Marcus Samuelsson and Derek Fleming were set to bring Harlem sensation Red Rooster to Overtown when the pandemic closed down restaurant dining rooms in Miami. Almost immediately, the restaurant's chef, Tristen Epps, and team started making meals for people who lost their jobs during the pandemic. That's indicative of the spirit of this restaurant, which is alive with history and soul. Sitting directly in the footprint of the Clyde Killens Pool Hall, the restaurant stands on the shoulders of legends like Count Basie, Duke Ellington, and Ella Fitzgerald. Their auras are present in the memorabilia on the walls and in the air. Chef Epps prepares food that speaks to Caribbean, Southern, and African roots with dishes like fire-roasted Wagyu oxtail ($105 to share) and shrimp and grits. The food is satisfying, the cocktails are potent, but the sum of the experience is more than its parts. Part history lesson, part glimpse into the future, Red Rooster stands on the precipice of the Overtown that once was and what it's poised to reclaim as Miami's Black cultural hub.
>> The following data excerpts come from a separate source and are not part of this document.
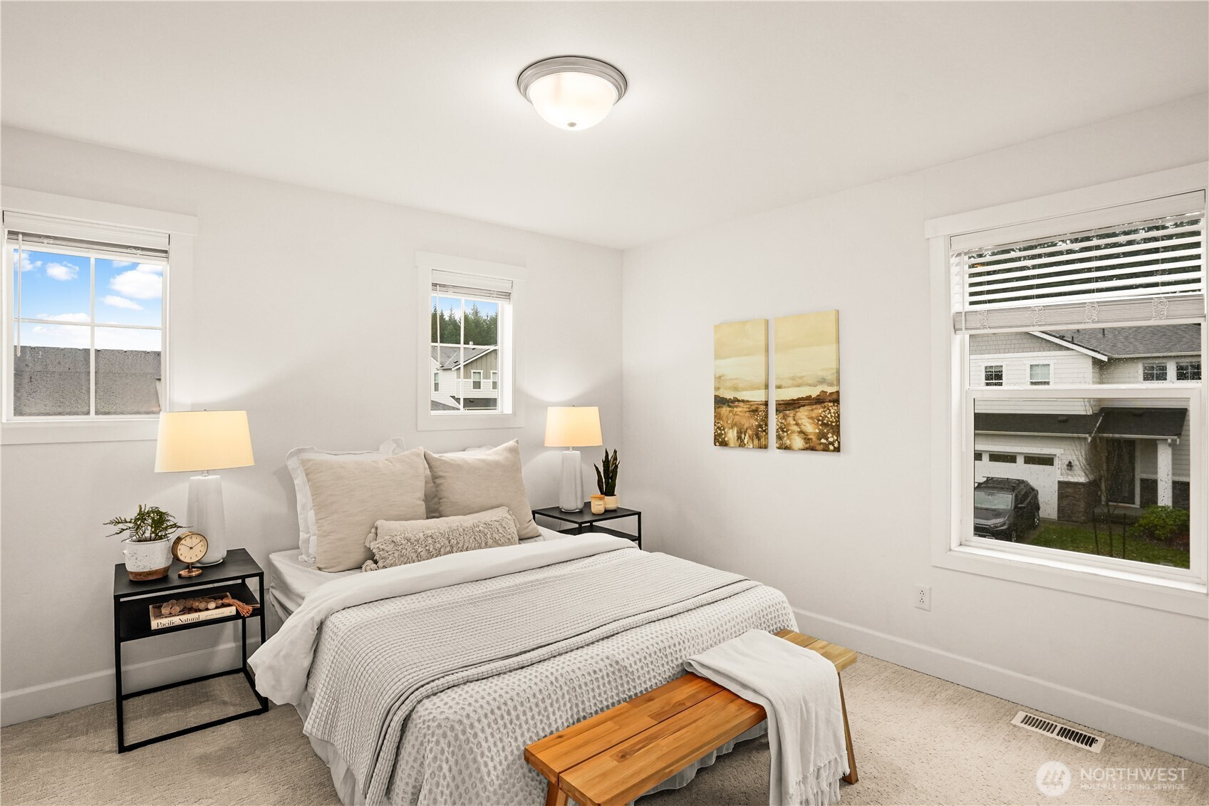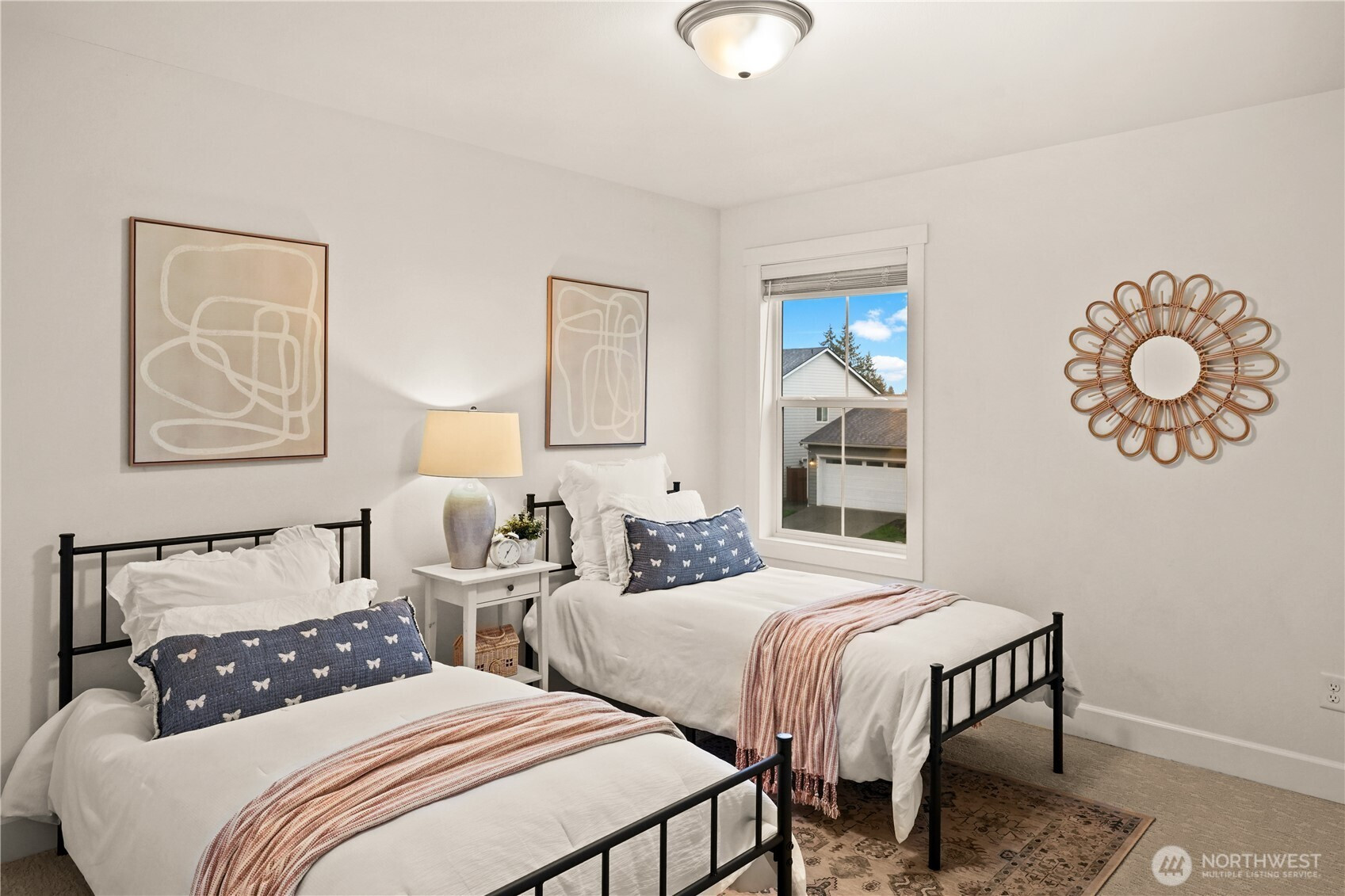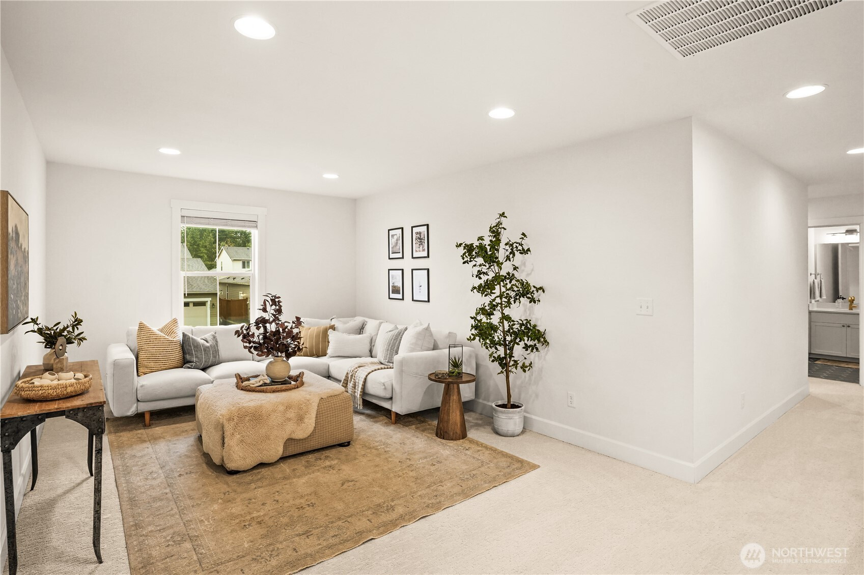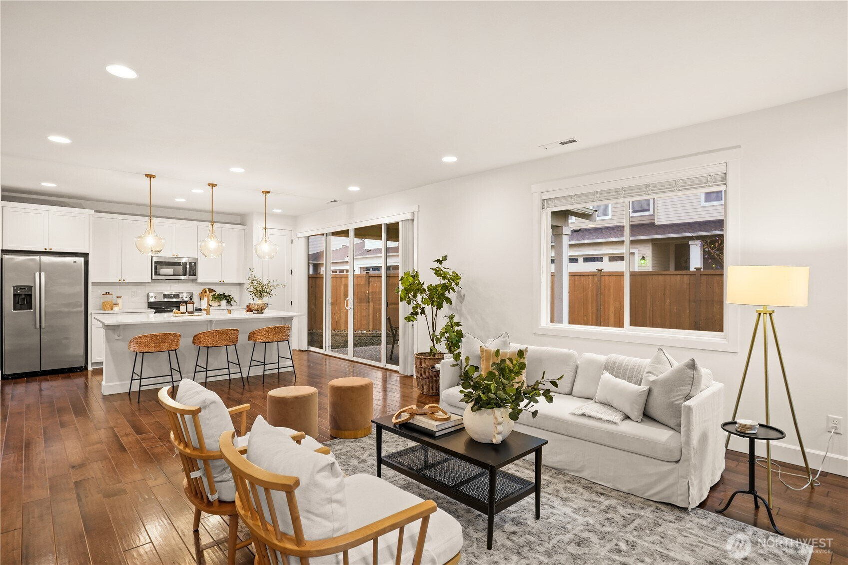 This masterfully built, nearly new home on an oversized corner lot is sure to impress. Enjoy spacious living with modern design and high-end finishes. The main floor offers a versatile bedroom for guests or office use, a full bath with a walk-in shower, and a well-appointed kitchen with SS appliances, quartz countertops, a large island, and double sliders to the covered patio. The open layout seamlessly connects the dining area, kitchen, and living room—ideal for entertaining. Upstairs features two additional bedrooms with a shared bath, a primary suite with luxe ensuite and large walk-in closet, a spacious tiled laundry room, and a generous family room or flex space. Don’t miss the 3-car garage with ample space for vehicles and storage.
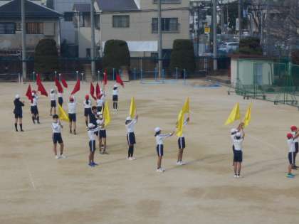 集団演技、隊形移動をがんばっています。
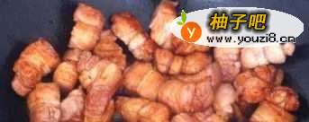3第三步,起锅烧油,油热后放冰糖超出糖色,放五花肉翻炒均匀
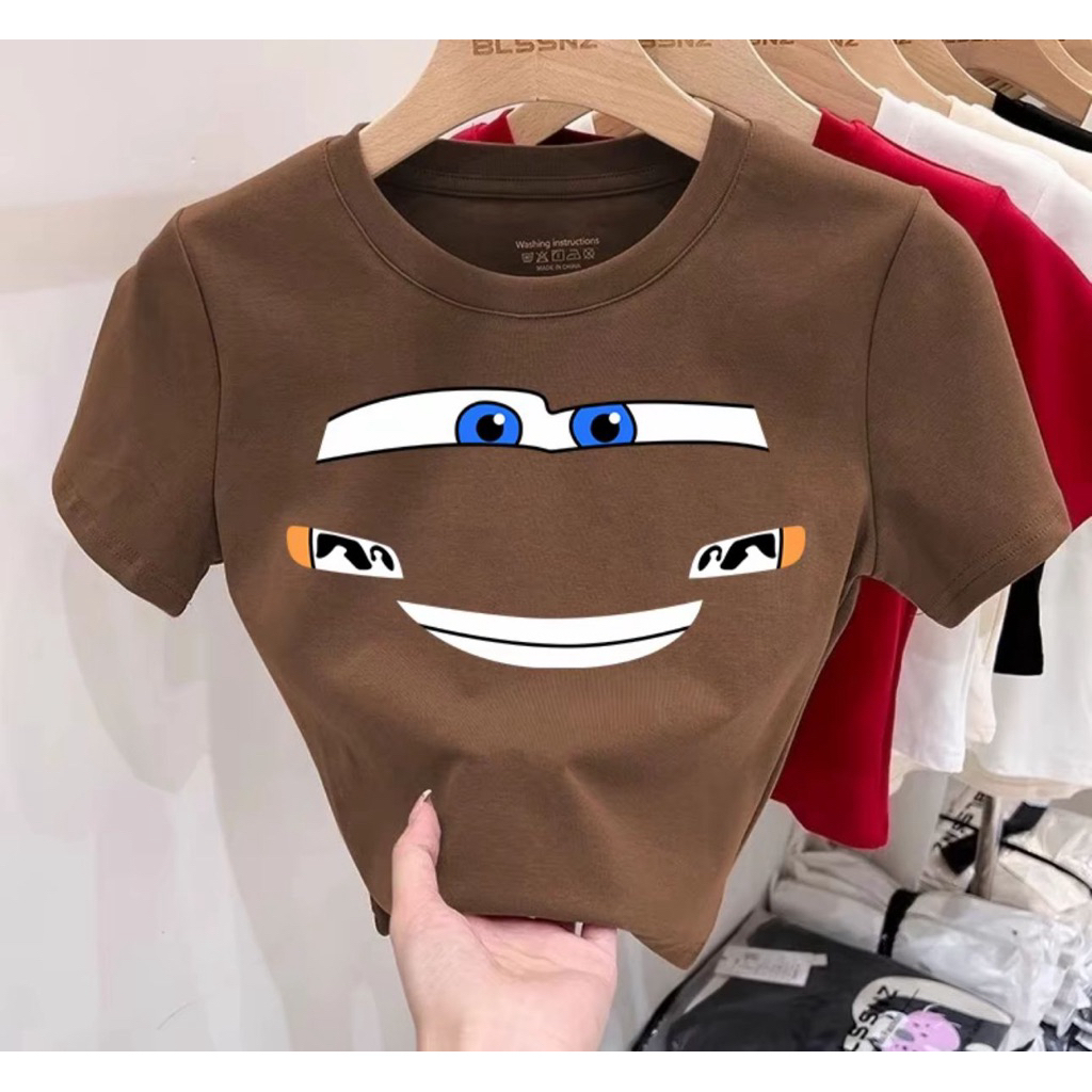 SM COLLECTIONN ATASAN WANITA KAOS CROP TOP MC MOBIL KNIT WEAR FULL PRINT

When South Florida restaurateur and Wilton Wings founder Gary Bouvier discovered that the unique space at 1818 East Sunrise Boulevard — the former home of Canyon restaurant beside the Gateway Cinema — was available, he didn't hesitate to pounce. Today, much of the intimate interior remains the same, from the dimly lit ambiance and amber-hued walls to the window-backdrop banquettes and eight-seat bar. What has changed is the focus, with an upscale, European-minded menu created by executive chef/partner Gastón Campaña. Before arriving in South Florida to work at Valentino Cucina and StripSteak by Michael Mina, Campaña traversed the globe, cooking his way across Argentina, Spain, Thailand, and Germany. His travels earned him a wealth of experience, as well as a Michelin star; Gastrothèque will showcase his talents with dishes featuring high-end cuts of beef, pork, and lamb alongside seafood and handmade pasta. While some will rotate seasonally and specials will change weekly, several of Campaña's greatest hits will be permanent fixtures. The Spanish-style octopus is a beautiful plate, with crispy-charred tentacles atop a cloud of whipped potato purée accented with chorizo aioli and studded with dehydrated Kalamata olives. And Campaña's Bolognese is a tangled marvel of handmade fettuccine smothered in a hearty Marsala-spiked sauce that combines long-braised veal, pork, and beef. The icing on this cake might be the fresh-baked, oversized sticky bun the chef recommends for dessert.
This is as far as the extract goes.